LCA in a General Binary Tree
Without the BST property, we can’t use value comparisons. Instead, we use a beautiful recursive approach:
- If the current node is
null,p, orq, return it. - Recurse on left and right subtrees.
- If both sides return non-null, the current node is the LCA (p and q are on different sides).
- If only one side returns non-null, that’s where both nodes are — return that side.
function lowestCommonAncestor(root, p, q) {
if (!root || root === p || root === q) return root;
const left = lowestCommonAncestor(root.left, p, q);
const right = lowestCommonAncestor(root.right, p, q);
if (left && right) return root; // p and q on different sides
return left || right; // both on the same side
}def lowest_common_ancestor(root, p, q):
if not root or root == p or root == q:
return root
left = lowest_common_ancestor(root.left, p, q)
right = lowest_common_ancestor(root.right, p, q)
if left and right: return root # p and q on different sides
return left or right # both on the same sideTreeNode lowestCommonAncestor(TreeNode root, TreeNode p, TreeNode q) {
if (root == null || root == p || root == q) return root;
TreeNode left = lowestCommonAncestor(root.left, p, q);
TreeNode right = lowestCommonAncestor(root.right, p, q);
if (left != null && right != null) return root; // different sides
return left != null ? left : right; // same side
}Time: O(n) — we might visit every node. Space: O(h) — recursion stack.
Walking Through the Logic
Let’s trace through finding LCA(4, 7) in our tree [3, 2, 7, 4, 5]:
Distance Between Two Nodes
A common follow-up: find the distance (number of edges) between two nodes. Once we have the LCA, the distance is:
distance(p, q) = depth(p) - depth(LCA) + depth(q) - depth(LCA)
Or equivalently: find the LCA, then calculate the distance from LCA to p and LCA to q, and add them.
function distFromNode(root, target, dist = 0) {
if (!root) return -1; // not found
if (root === target) return dist;
const left = distFromNode(root.left, target, dist + 1);
if (left !== -1) return left; // found in left subtree
return distFromNode(root.right, target, dist + 1);
}
function distBetween(root, p, q) {
const lca = lowestCommonAncestor(root, p, q);
return distFromNode(lca, p) + distFromNode(lca, q);
}def dist_from_node(root, target, dist=0):
if not root: return -1 # not found
if root == target: return dist
left = dist_from_node(root.left, target, dist + 1)
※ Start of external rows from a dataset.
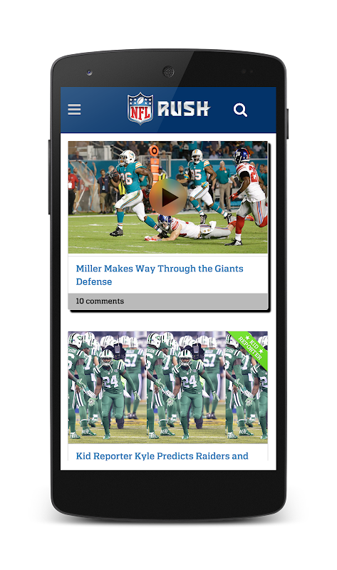 The Official NFL RUSH app brings the National Football League directly to you every day! Connect with your favorite NFL teams and players via: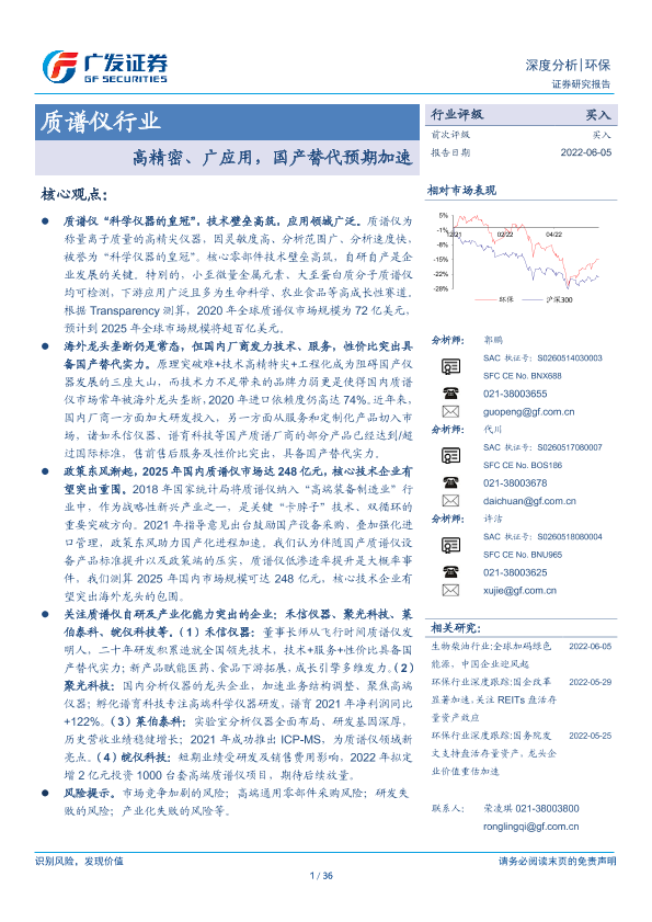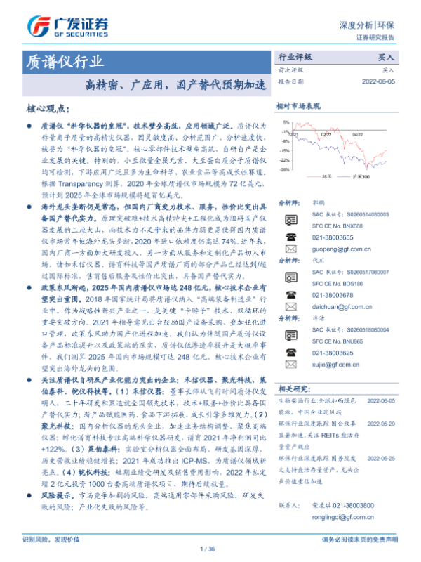 【广发证券】【20220605】环保深度分析:质谱仪行业-高精密、广应用,国产替代预期加速-36页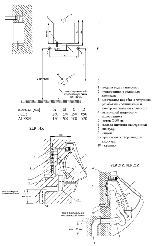SLP 26RZ – арт. № 01265, SLP 27RZ – арт. № 01275 керамический писсуар со встроенным радарным устройством смыва; монтажная пластмассовая коробка с латунным резьбовым соединением, встроенным источником питания, электромагнитным клапаном и шаровым вентилем; выпускной патрубок с уплотнением; сифон; крепежный комплект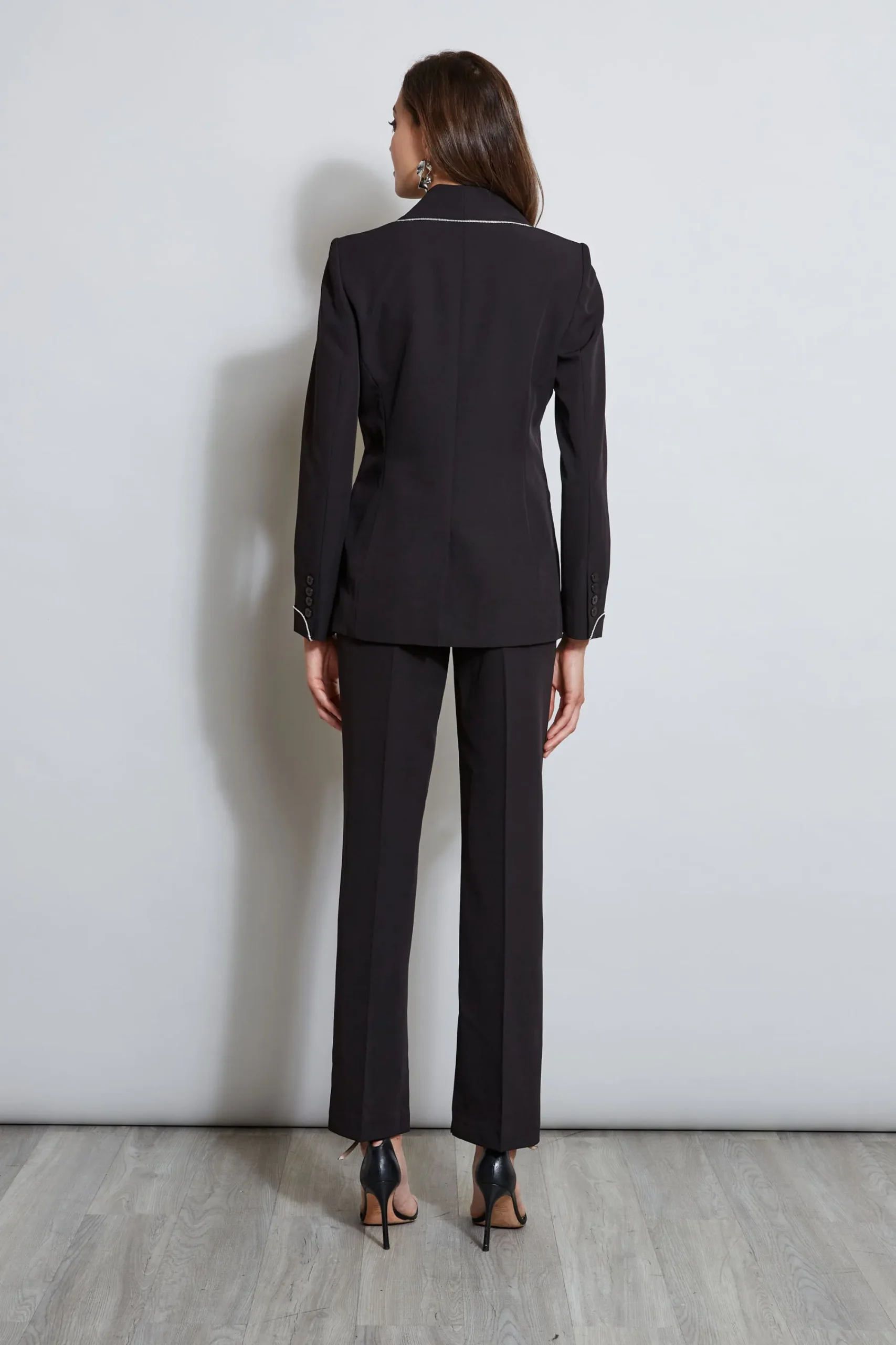 Our rhinestone edged Blazer has the designer touch. With a shawl collar u0026amp; single button closure, this jacket is elevated with rhinestone trim at the collar u0026amp; cuffs. Wear it casually with vegan leather or pair it with its matching pant for the seasons must have matched suit. Single Button Blazer with Rhinestone Trim Runs true to Size 91% Polyester, 9% Spandex Measurements: About 26.25 ” from shoulder to hem Model is 5’9″ and wearing size 2 Dry Clean Only Imported Style #: ETR35100

if left != -1: return left # found in left
return dist_from_node(root.right, target, dist + 1)
def dist_between(root, p, q):
lca = lowest_common_ancestor(root, p, q)
return dist_from_node(lca, p) + dist_from_node(lca, q)int distFromNode(TreeNode root, TreeNode target, int dist) {
if (root == null) return -1; // not found
if (root == target) return dist;
int left = distFromNode(root.left, target, dist + 1);
if (left != -1) return left; // found in left
return distFromNode(root.right, target, dist + 1);
}
int distBetween(TreeNode root, TreeNode p, TreeNode q) {
TreeNode lca = lowestCommonAncestor(root, p, q);
return distFromNode(lca, p, 0) + distFromNode(lca, q, 0);
}Time: O(n) for finding LCA + O(n) for distances = O(n) total.
Key Takeaways
- LCA in a BST is easy — just follow the BST property until the paths to p and q split.
- LCA in a general binary tree uses a clever recursive approach: recurse both sides, and if both return non-null, the current node is the answer.
- The general LCA code is surprisingly short (about 5 lines) but the logic is deep. Make sure we can trace through it step by step.
- Distance between two nodes = distance from LCA to p + distance from LCA to q.
In simple language, LCA is about finding where two paths from the root diverge. In a BST we can use value comparisons to walk down efficiently. In a general tree, we let recursion do the heavy lifting.